How do you use the disk or shell method to find the volume of the solid generated by revolving the regions bounded by the graphs of y = x^(1/2), y = 2, and x = 0 about the line x = -1?

Oct 19, 2015

See the explanation section, below.

Explanation:

Here is a picture of the region with a thin slice taken vertically.

So thickness is $\mathrm{dx}$ and we will use cylindrical shells.

The representative shell will have volume
$2 \pi \text{radius" * "height" * "thickness} = 2 \pi \left(x + 1\right) \left(2 - \sqrt{x}\right) \mathrm{dx}$.

We see that the values of $x$ vary from $0$ to $4$

So the volume of the solid is found by evaluating:

${\int}_{0}^{4} 2 \pi \left(x + 1\right) \left(2 - \sqrt{x}\right) \mathrm{dx} = 2 \pi {\int}_{0}^{4} \left(x + 1\right) \left(2 - \sqrt{x}\right) \mathrm{dx}$

Expand the product and integrate term by term.

To use disks/washers , we need to take our slices perpendicular to the axis of rotation as shown below.

The curve is now expressed as $x = {y}^{2}$

The representative washer has volume: $\pi \left({R}^{2} - {r}^{2}\right) \mathrm{dy}$ Where $r$ is the greater radius ($x = - 1$ to $x = {y}^{2}$) and $r$ is the lesser radius ($x = - 1$ to $x = 0$) and the thickness is $\mathrm{dy}$.

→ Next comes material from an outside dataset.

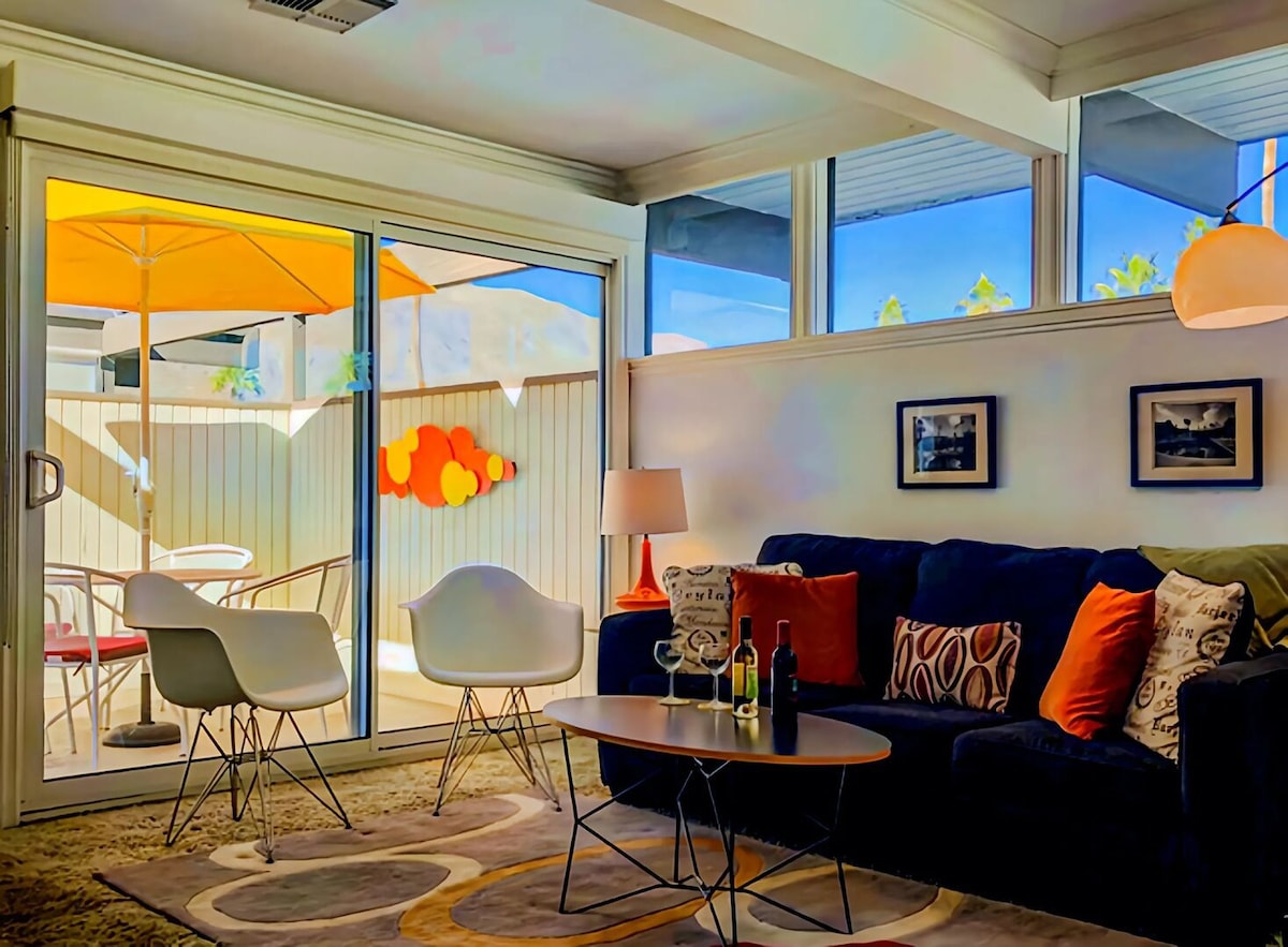 Live your best Palm Springs fantasy at our whimsical, light & airy mid-century bungalow. Located in the historical Ocotillo Lodge, our unit is one of a few exclusive bungalow suites, distinguished by its large west-facing, private patio. Enjoy modern amenities and take in the many stylized nods to Palm Springs' colorful history. Have a morning coffee in the light of the golden sunrise, or experience a magical sunset overlooking the San Jacinto Mountains. Our mid-century gem is yours to enjoy!

$y$ goes from $0$ to $2$, so the Volume is

${\int}_{0}^{2} \pi \left({\left({y}^{2} + 1\right)}^{2} - {\left(1\right)}^{1}\right) \mathrm{dy} = \pi {\int}_{0}^{2} \left({\left({y}^{2} + 1\right)}^{2} - {\left(1\right)}^{1}\right) \mathrm{dy}$

Again, expand and integrate term by term.